Karena Islam agama dakwah, yang menyerukan umatnya agar menyebarkan ajaran Islam. Tentu menyebarkannya dengan kekerasan bukanlah cara yang tepat, namun berdakwah dengan hikmat dan cara yang baik:
"Serulah (manusia) kepada jalan Tuhanmu dengan hikmat dan pelajaran yang baik dan bantahlah mereka dengan cara yang baik." (Lebah 16:125)
Dan jika mereka menolak seruan kita maka Allah telah berfirman, “Dan jikalau Tuhanmu menghendaki, tentulah beriman semua orang yang di muka bumi seluruhnya. Maka apakah kamu (hendak) memaksa manusia supaya mereka menjadi orang-orang yang beriman semuanya?” (Yunus 10:99).
Dengan kata lain, jika mereka menolak maka seorang muslim tidak diperkenankan untuk memaksanya.
Sebagai penutup perlu diketahui pula bahwa menurut Al Quran dalam Pembeda 25:68 dijelaskan tentang seorang mukmin sejati, “Dan orang-orang yang tidak menyembah tuhan yang lain beserta Allah dan tidak membunuh jiwa yang diharamkan Allah (membunuhnya) kecuali dengan (alasan) yang benar."
AJARAN KRISTEN
Belakangan ini kita melihat perang dan kekerasan terjadi di banyak tempat dan dari kekerasan yang timbul itu banyak juga orang-orang yang beragama Kristen terlibat. Dalam konteks inilah sering timbul pertanyaan apakah Ajaran Kristen mengajarkan kekerasan?
Ada yang menyebut adanya indikasi kekerasan itu terjadi karena Alkitab dianggap mengajarkan hal itu, itu antara lain disebutkan terlihat dari ayat-ayat berikut:
"Mereka menumpas dengan mata pedang segala sesuatu yang di dalam kota itu, baik laki-laki maupun perempuan, baik tua maupun muda, sampai kepada lembu, domba, dan keledai." (Yosua 6:21)
"Tetapi dari kota-kota bangsa-bangsa itu yang diberikan TUHAN Allahmu, kepadamu menjadi milik pusakamu, janganlah kaubiarkan hidup apapun yang bernafas." (Ulangan 20:16)
"Siapa yang menghujat nama TUHAN, pastilah ia dihukum mati dan dilontari dengan batu oleh seluruh jamaah itu. Baik yang asing maupun orang Israel asli, bila ia menghujat nama TUHAN, haruslah dihukum mati." (Imamat 24:16)
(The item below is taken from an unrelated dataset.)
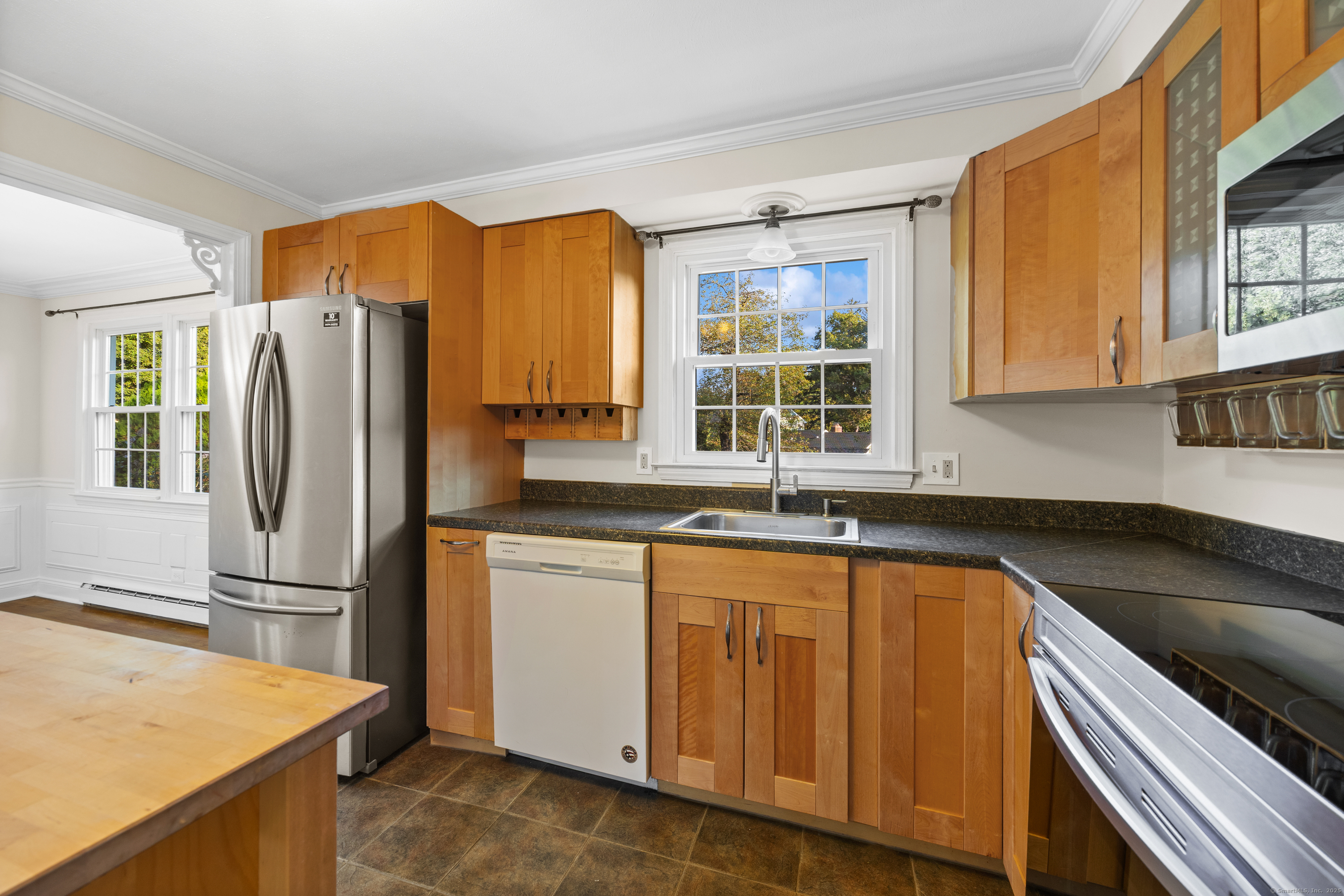 Perfectly positioned in a desirable neighborhood with sidewalks and a welcoming sense of community, this beautiful home blends timeless charm with thoughtful modern updates. As you step inside, you're greeted by a bright, open floor plan where ample natural light pours through the newer windows. The spacious, remodeled kitchen is thoughtfully designed with central island, cabinet organizers and all newer appliances. It flows effortlessly into a generous dining area featuring custom molding and a comfortable living room, creating an ideal space for everyday living and entertaining. The main floor includes a spacious primary bedroom with a full bath, two additional well-sized bedrooms - all with hardwood flooring- and a second full bathroom. Downstairs, the fantastic walk-out lower level offers a large family room with built-in shelving and a cozy fireplace, half bath and laundry. Step outside to the fabulous, private backyard - a perfect setting for outdoor activities, games, and seasonal enjoyment. This home boasts an impressive list of recent improvements, including roof 2024, driveway 2025, siding 2020, windows on main level & garage 2020, garage doors 2025, garage openers 2020-2024, kitchen appliances 2023-2024, washer 2025, sliding door 2023. The entire interior has also been freshly painted. Equipped with solar panels, this residence offers energy efficiency and long-term saving. Truly a turnkey and move-in ready!

"Jadi pergilah sekarang, kalahkanlah orang Amalek, tumpaslah segala yang ada padanya, dan janganlah ada belas kasihan padanya. Bunuhlah semuanya, laki-laki maupun perempuan, kanak-kanak maupun anak-anak yang menyusu, lembu maupun domba, unta maupun keledai." (1 Samuel 15:3).
Memang dalam Perjanjian Lama tidak sukar mencari ayat-ayat bernada seperti itu dan bila kita menafsirkannya secara harfiah di luar konteksnya maka akan mudah sampai pada kesimpulan demikian, namun apakah ini perilaku yang diikuti oleh umat Kristen?
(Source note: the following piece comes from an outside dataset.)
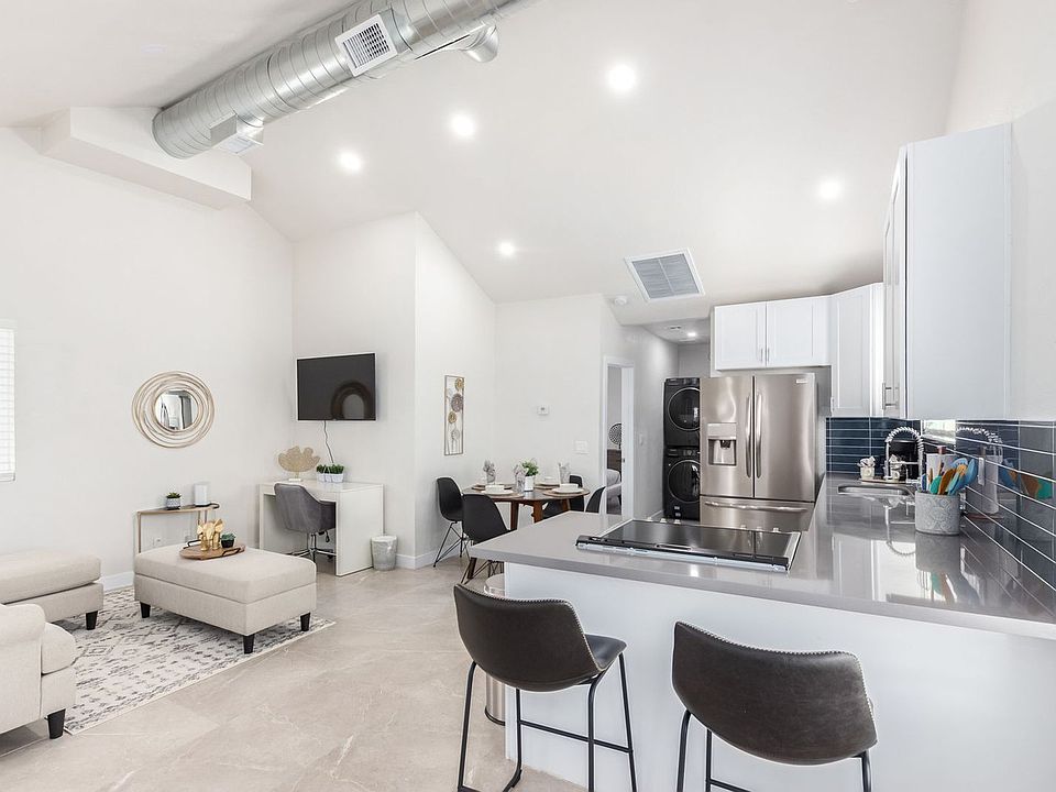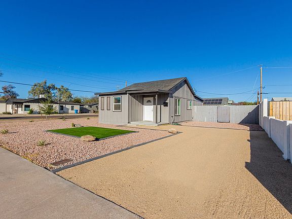 This charming 2-bedroom, 2-bathroom home is nestled within a historic district, offering a unique blend of character and modern convenience. Step inside to find a fully remodeled space with a great kitchen, perfect for preparing meals. The living area features a sofa with a chaise, a large TV, and a workspace with a desk, ideal for working from home. The split bedrooms provide privacy, with the master bedroom at the rear of the home featuring a king-sized bed, television, en-suite bath, and walk-in closet. The second bedroom, located at the front, includes a large closet and a twin daybed with a trundle, comfortably sleeping two. Enjoy the massive backyard accessible through the back door. The home also includes a washer and dryer and super-fast Wi-Fi, making it a perfect home away from home. The kitchen is fully equipped with everything needed to prepare a meal, and you can enjoy your culinary creations at the breakfast bar or in the kitchen nook. The living space is designed for relaxation and functionality, with a sofa, large TV, and a dedicated workspace for your laptop. While there is no garage, ample parking is available onsite, behind the gates, or in the driveway. Welcome to the Coronado neighborhood, a true community located in midtown Phoenix. This area covers over 1.75 square miles and includes around 4,000 households. The neighborhood is made up of three historic districts: Brentwood, Coronado, and Country Club Park, each offering a unique architectural style. Enjoy walking to nearby restaurants, bars, and shopping, or take advantage of the amenities at Coronado Park, which include lighted tennis courts, a shaded playground, grills, a swimming pool, and more. The neighborhood is centrally located with direct access to major freeways, the Phoenix downtown, central corridor, the arts district, the light rail line, and three major hospitals. This home is perfect for relocation, traveling nurses, or a getaway to the heart of Phoenix. There is no garage, but ample parking is available onsite. The living area doubles as a workspace, featuring a desk for working from home or a spot for your laptop. Super-fast Wi-Fi is available throughout the home.

Ayat-ayat di atas adalah ayat-ayat yang menceritakan ketika umat Israel memasuki tanah Kanaan, dan kita harus menyadari mengapa kemarahan Tuhan begitu besar sehingga menggunakan tangan orang Israel untuk menghukum mereka. Orang-orang Kanaan hidup dalam kondisi yang masih sangat primitif di mana kejahatan mereka begitu besar, mereka menyembah berhala dan sangat menghujat Tuhan, dan bahkan dalam ibadat mereka, mereka sering mengorbankan anak-anak. Etika mereka kacau sekali seperti terlihat dalam kota Sodom dan Gomora. Namun dalam Perjanjian Lama, hukuman Tuhan ini tidak hanya dilakukan terhadap musuh-musuh Israel, namun juga secara adil terhadap orang Israel sendiri bila mereka menjadi musuh Tuhan seperti dalam kasus 'Penyembahan Berhala Lembu Emas' (Keluaran 32).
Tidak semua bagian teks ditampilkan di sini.